(Data excerpt):
○ ○ ○ ○ ○

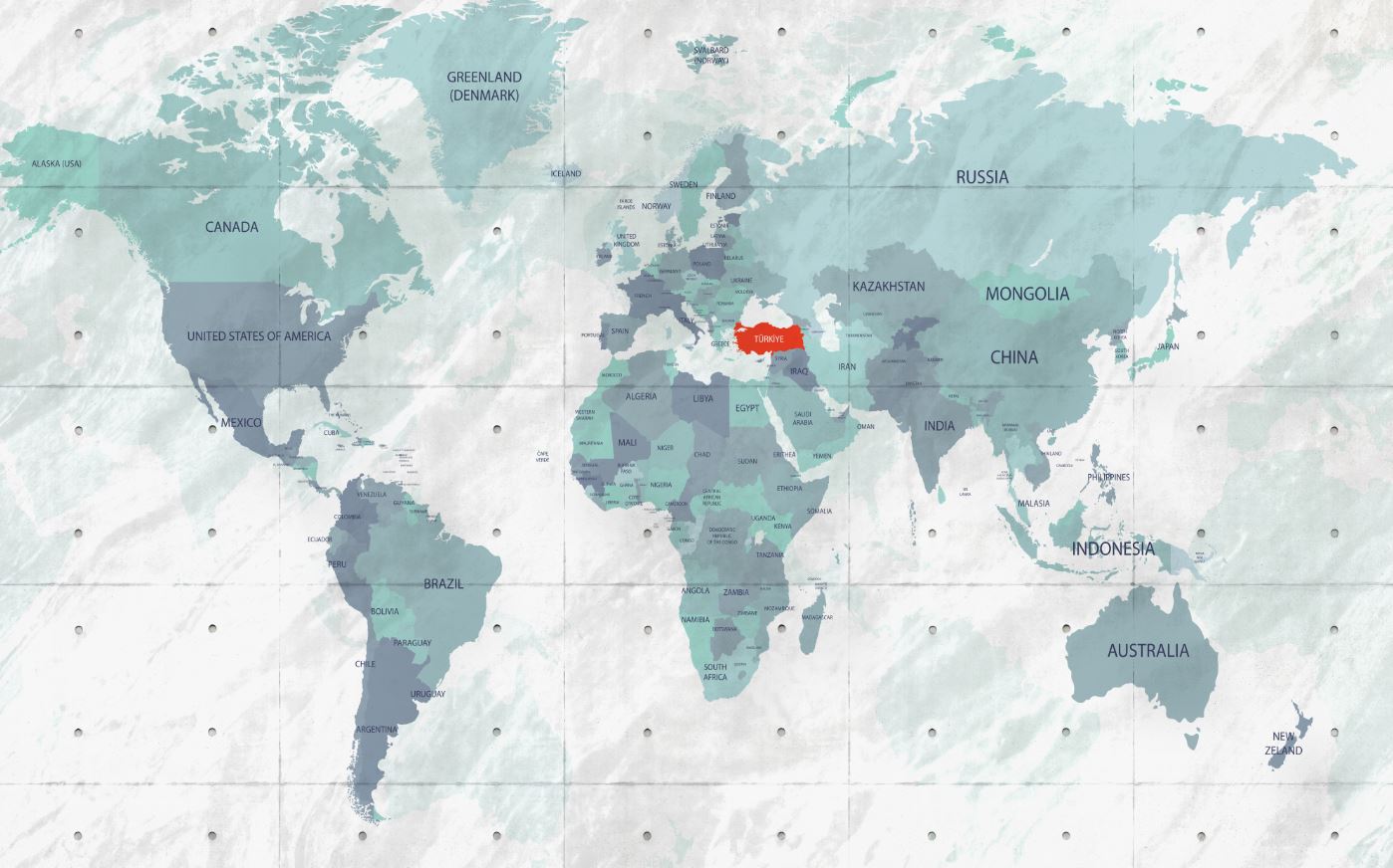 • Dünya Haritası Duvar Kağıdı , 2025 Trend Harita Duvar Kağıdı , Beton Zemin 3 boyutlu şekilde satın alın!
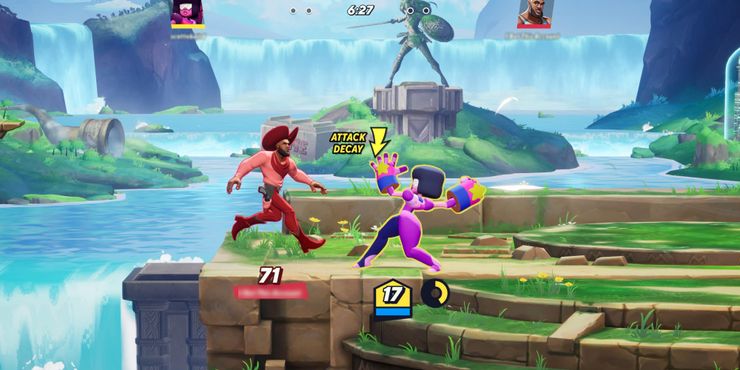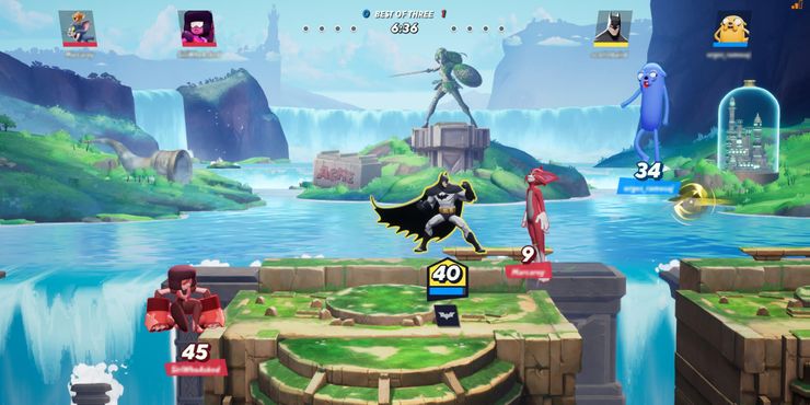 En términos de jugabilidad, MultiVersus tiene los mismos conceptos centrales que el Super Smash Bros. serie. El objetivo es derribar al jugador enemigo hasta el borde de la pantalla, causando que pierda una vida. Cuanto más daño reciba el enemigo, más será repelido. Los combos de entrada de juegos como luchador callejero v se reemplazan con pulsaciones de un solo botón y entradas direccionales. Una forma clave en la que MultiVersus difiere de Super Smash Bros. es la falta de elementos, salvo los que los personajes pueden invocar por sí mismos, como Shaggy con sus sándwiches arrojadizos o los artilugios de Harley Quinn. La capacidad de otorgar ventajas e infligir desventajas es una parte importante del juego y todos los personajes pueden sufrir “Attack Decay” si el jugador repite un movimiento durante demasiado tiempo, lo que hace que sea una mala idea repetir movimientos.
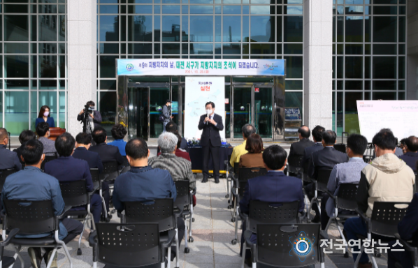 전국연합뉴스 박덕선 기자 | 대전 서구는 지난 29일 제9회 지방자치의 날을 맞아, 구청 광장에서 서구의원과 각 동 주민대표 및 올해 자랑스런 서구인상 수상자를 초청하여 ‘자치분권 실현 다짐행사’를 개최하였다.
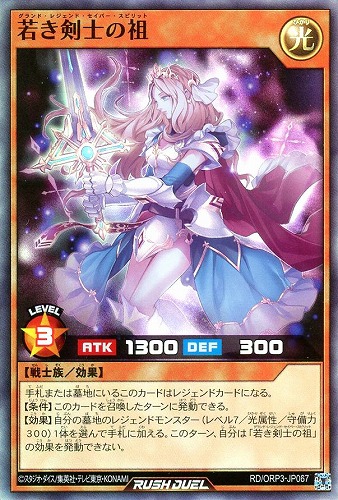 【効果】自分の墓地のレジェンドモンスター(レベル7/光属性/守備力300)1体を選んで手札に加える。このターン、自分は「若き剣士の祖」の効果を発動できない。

○ ○ ○ ○ ○

(Your instructions): Could you reproduce the data above exactly, without its pictures?

(Written response):
 • Dünya Haritası Duvar Kağıdı , 2025 Trend Harita Duvar Kağıdı , Beton Zemin 3 boyutlu şekilde satın alın!
 En términos de jugabilidad, MultiVersus tiene los mismos conceptos centrales que el Super Smash Bros. serie. El objetivo es derribar al jugador enemigo hasta el borde de la pantalla, causando que pierda una vida. Cuanto más daño reciba el enemigo, más será repelido. Los combos de entrada de juegos como luchador callejero v se reemplazan con pulsaciones de un solo botón y entradas direccionales. Una forma clave en la que MultiVersus difiere de Super Smash Bros. es la falta de elementos, salvo los que los personajes pueden invocar por sí mismos, como Shaggy con sus sándwiches arrojadizos o los artilugios de Harley Quinn. La capacidad de otorgar ventajas e infligir desventajas es una parte importante del juego y todos los personajes pueden sufrir “Attack Decay” si el jugador repite un movimiento durante demasiado tiempo, lo que hace que sea una mala idea repetir movimientos.
 전국연합뉴스 박덕선 기자 | 대전 서구는 지난 29일 제9회 지방자치의 날을 맞아, 구청 광장에서 서구의원과 각 동 주민대표 및 올해 자랑스런 서구인상 수상자를 초청하여 ‘자치분권 실현 다짐행사’를 개최하였다.
 【効果】自分の墓地のレジェンドモンスター(レベル7/光属性/守備力300)1体を選んで手札に加える。このターン、自分は「若き剣士の祖」の効果を発動できない。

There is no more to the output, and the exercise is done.